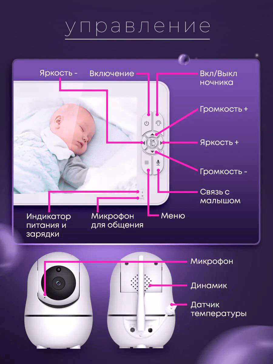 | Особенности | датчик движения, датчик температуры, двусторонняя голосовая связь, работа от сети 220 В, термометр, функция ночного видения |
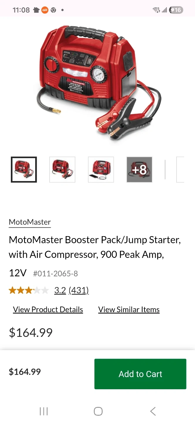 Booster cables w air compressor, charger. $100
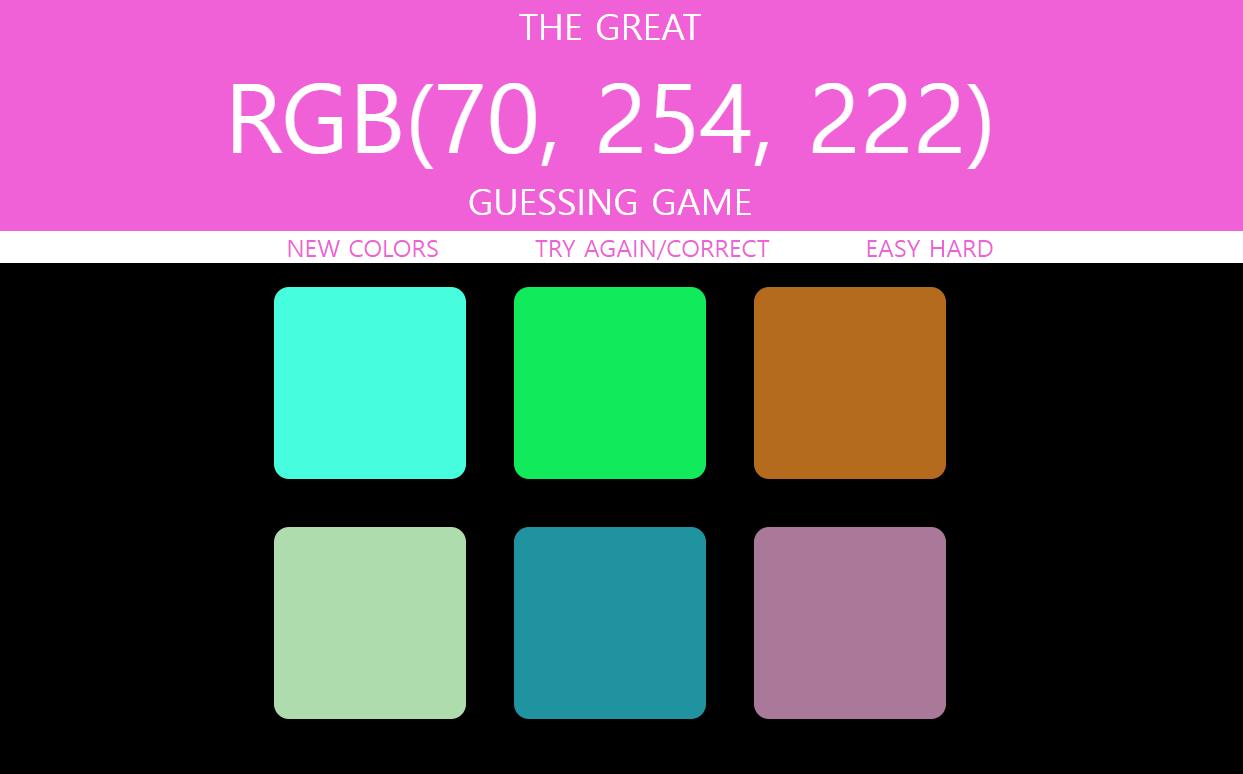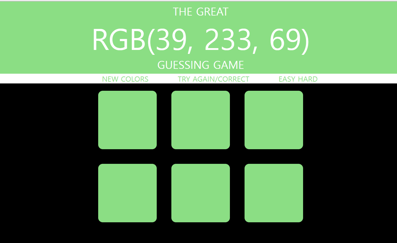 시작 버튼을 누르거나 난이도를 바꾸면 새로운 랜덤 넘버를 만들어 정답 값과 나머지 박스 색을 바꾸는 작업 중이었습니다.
*-*-*
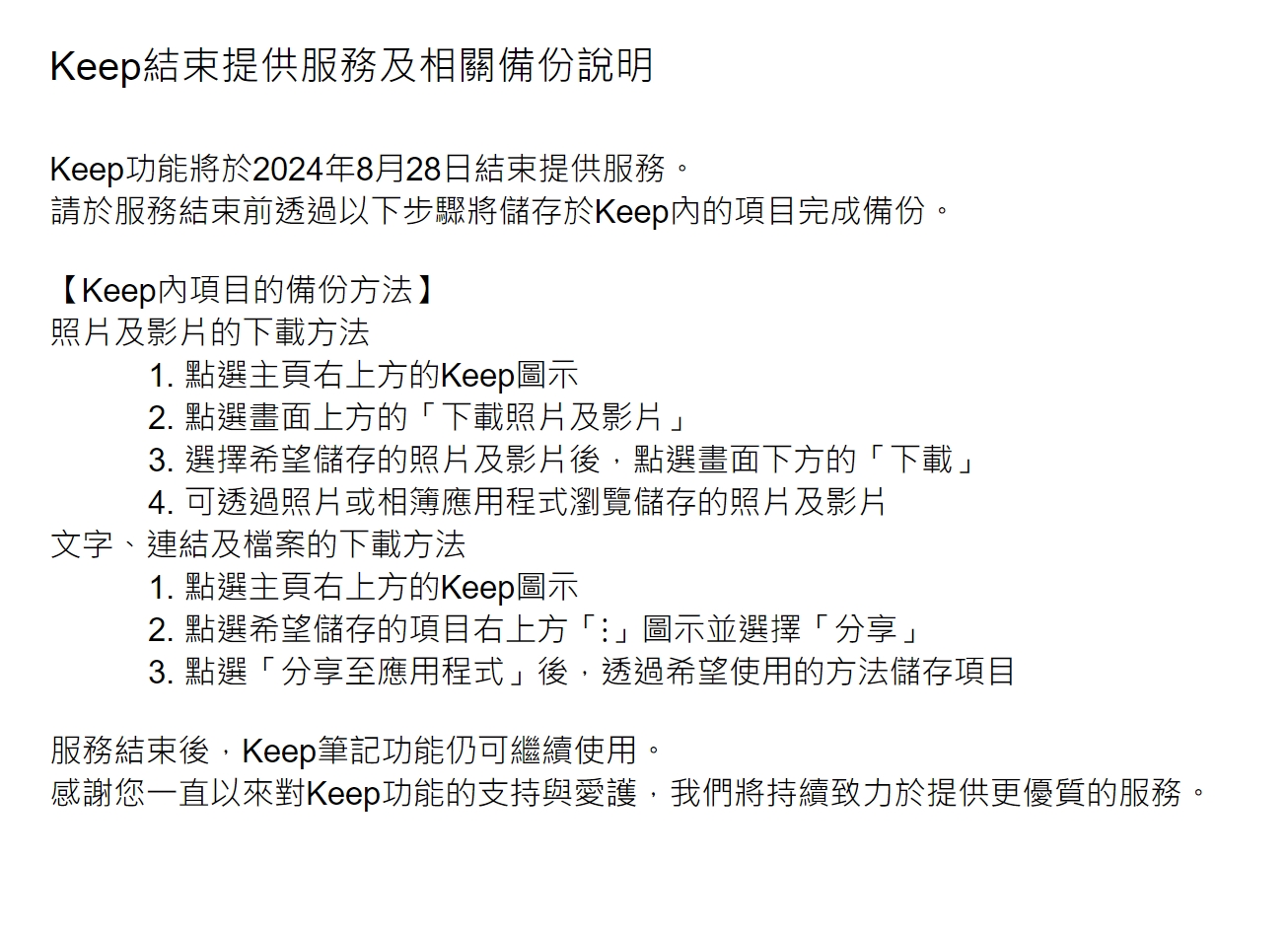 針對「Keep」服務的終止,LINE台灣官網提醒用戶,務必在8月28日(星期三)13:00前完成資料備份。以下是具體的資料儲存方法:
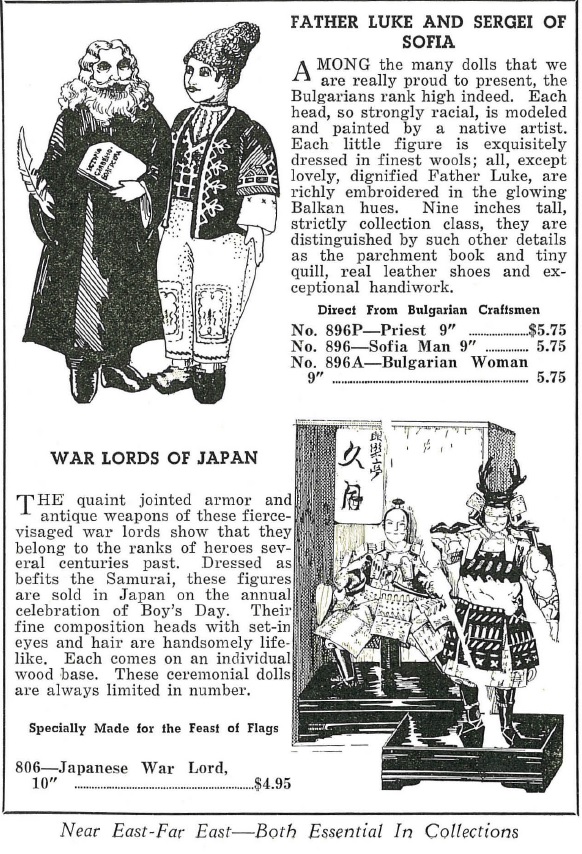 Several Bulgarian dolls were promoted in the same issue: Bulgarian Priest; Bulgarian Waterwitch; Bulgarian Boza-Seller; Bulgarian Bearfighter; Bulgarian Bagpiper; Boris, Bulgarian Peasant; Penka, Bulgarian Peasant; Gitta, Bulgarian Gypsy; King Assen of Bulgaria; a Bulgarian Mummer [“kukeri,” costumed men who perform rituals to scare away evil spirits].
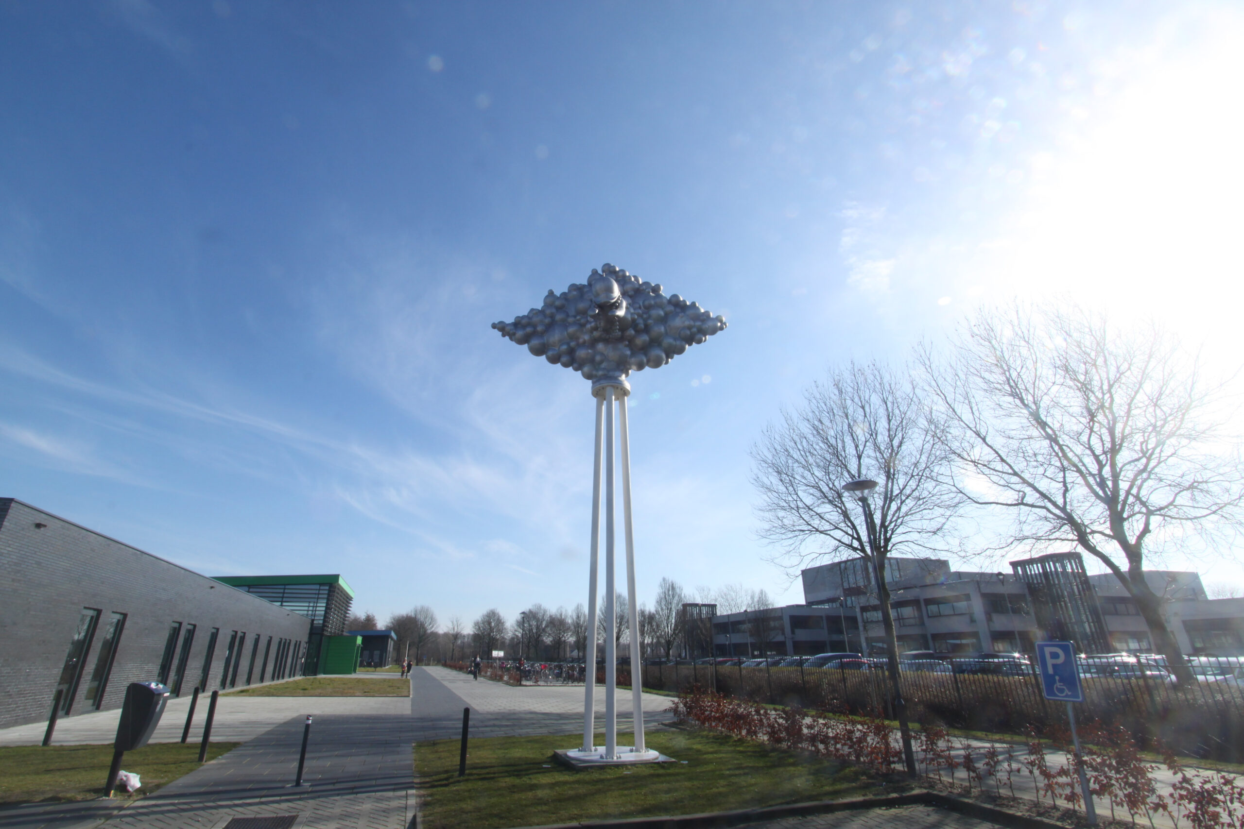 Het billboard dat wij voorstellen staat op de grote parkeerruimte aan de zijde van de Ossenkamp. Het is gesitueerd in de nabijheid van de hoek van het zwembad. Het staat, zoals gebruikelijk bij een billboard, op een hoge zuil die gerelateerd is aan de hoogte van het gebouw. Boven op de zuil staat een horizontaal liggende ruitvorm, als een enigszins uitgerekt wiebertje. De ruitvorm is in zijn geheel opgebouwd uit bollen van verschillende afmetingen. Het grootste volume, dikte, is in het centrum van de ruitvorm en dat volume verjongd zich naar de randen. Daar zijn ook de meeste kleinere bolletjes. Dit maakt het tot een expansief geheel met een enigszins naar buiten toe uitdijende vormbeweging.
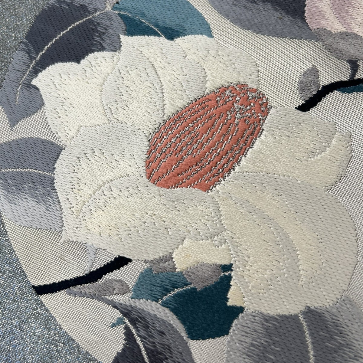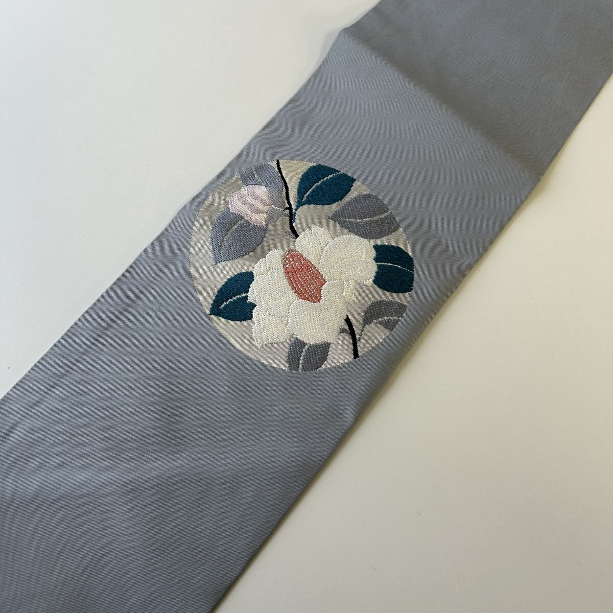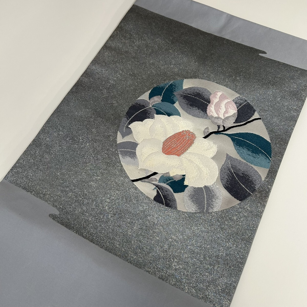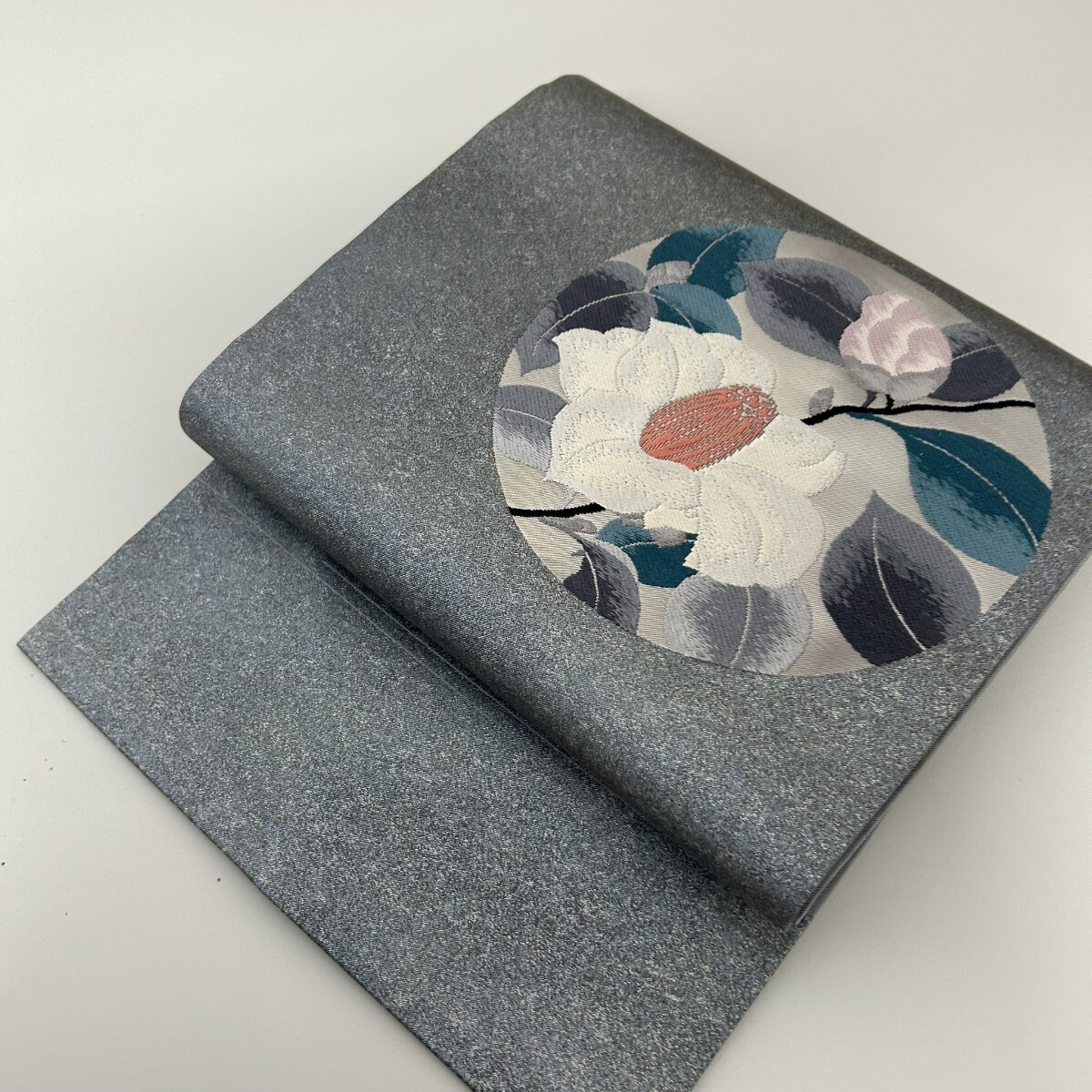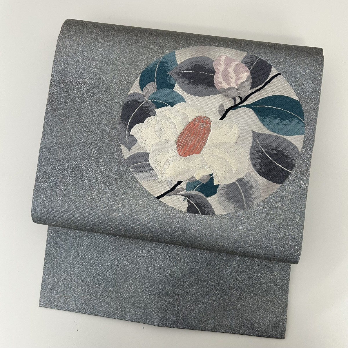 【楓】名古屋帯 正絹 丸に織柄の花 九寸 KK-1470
*-*-*
Work instruction: Above are the records; please give again, exactly and in full, only the lines that run from the line with "針對「Keep」服務的終止,LINE台灣" through the line with "丸に織柄の花 九寸 KK-1470", with no pictures.

Output for this exercise:
 針對「Keep」服務的終止,LINE台灣官網提醒用戶,務必在8月28日(星期三)13:00前完成資料備份。以下是具體的資料儲存方法:
 Several Bulgarian dolls were promoted in the same issue: Bulgarian Priest; Bulgarian Waterwitch; Bulgarian Boza-Seller; Bulgarian Bearfighter; Bulgarian Bagpiper; Boris, Bulgarian Peasant; Penka, Bulgarian Peasant; Gitta, Bulgarian Gypsy; King Assen of Bulgaria; a Bulgarian Mummer [“kukeri,” costumed men who perform rituals to scare away evil spirits].
 Het billboard dat wij voorstellen staat op de grote parkeerruimte aan de zijde van de Ossenkamp. Het is gesitueerd in de nabijheid van de hoek van het zwembad. Het staat, zoals gebruikelijk bij een billboard, op een hoge zuil die gerelateerd is aan de hoogte van het gebouw. Boven op de zuil staat een horizontaal liggende ruitvorm, als een enigszins uitgerekt wiebertje. De ruitvorm is in zijn geheel opgebouwd uit bollen van verschillende afmetingen. Het grootste volume, dikte, is in het centrum van de ruitvorm en dat volume verjongd zich naar de randen. Daar zijn ook de meeste kleinere bolletjes. Dit maakt het tot een expansief geheel met een enigszins naar buiten toe uitdijende vormbeweging.
 【楓】名古屋帯 正絹 丸に織柄の花 九寸 KK-1470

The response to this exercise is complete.